Question
1. This question asks you to use the Production Possibilities Frontier and Societal Indifference Curve diagram to evaluate government policies. Start from an initial situation
1. This question asks you to use the Production Possibilities Frontier and Societal Indifference Curve diagram to evaluate government policies. Start from an initial situation in which the autarkic price of good X is 20 and the autarkic price of good Y is 20.
a) Without trade with the rest of the world, show whether society is better off with a subsidy on good Y of $5 per unit (compared to no intervention). In particular, show how much of each good is produced and how much is consumed. Show how the ratio of the prices faced by producers and the ratio of the prices faced by consumers with the subsidy can be seen on your graph?

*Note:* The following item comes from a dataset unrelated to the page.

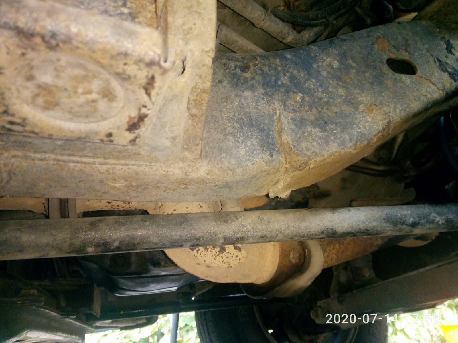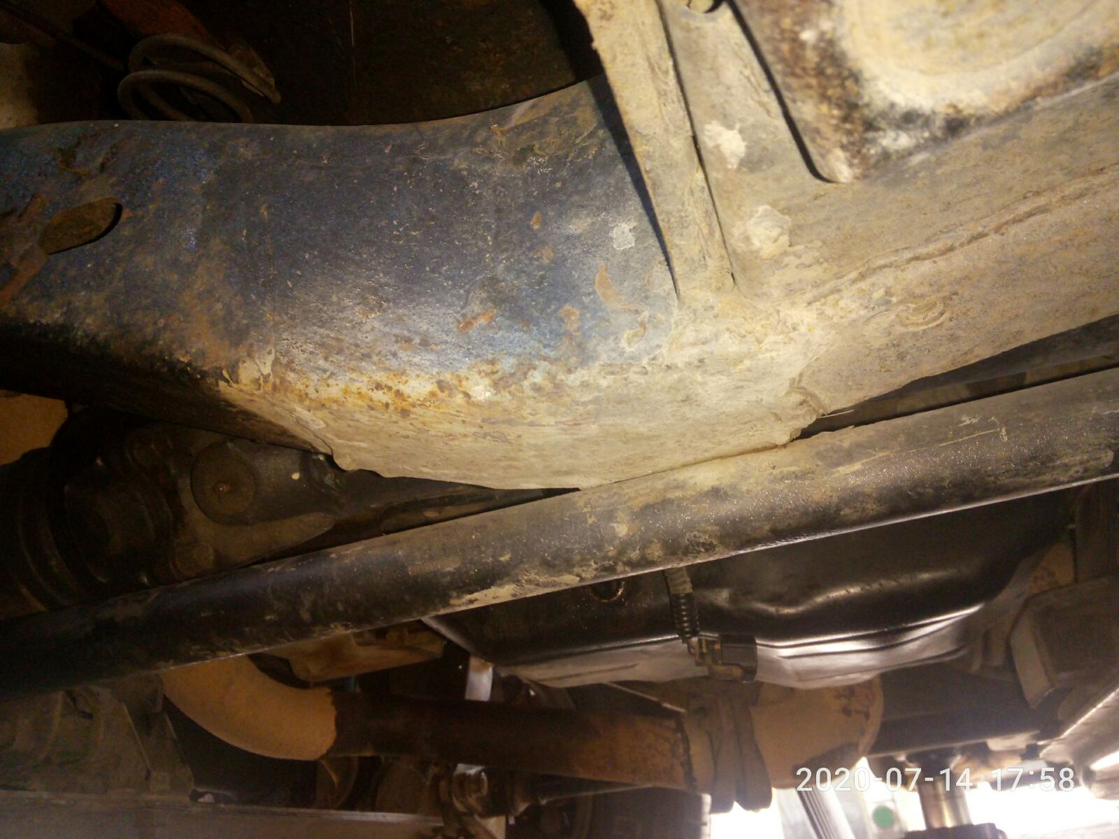 Ну и больше я никаких видимых не нашел изменений снизу... Как уже из фото понятно, начал уже разбирать, буду снимать кузов с рамы... Сама рама лопнута в нижних местах была как я понимаю и заварена... Может ее и не выставляли, просто косынки поварили поверх, ну это мое как предположение.. И да машину я такую купил, видел подушку рваную, но невидел что движок лежит на вакуумном... Подводные камни такие вот вылезли... Была вибрация, думал из за рваной подушки, подушки поменял обе, а вибрация так и осталась, а там вон оно чего оказывается, а снизу и невидно...

b) Now consider that the country opens up to world trade and the world price of good X is 25 and the world price of good Y is 10. This question asks you to compare welfare under two policies: the country gives a subsidy to producers of $5 per unit on Good Y or the country implements a tariff of $5. Which policy makes the country better off? . In particular, show how much of each good is produced? Show how much is consumed? What is the ratio of the prices faced by producers and what is the ratio of the prices faced by consumers in the two situations?
[note: for this problem, you do not need to calculate exact quantities, though you should show these on your graph]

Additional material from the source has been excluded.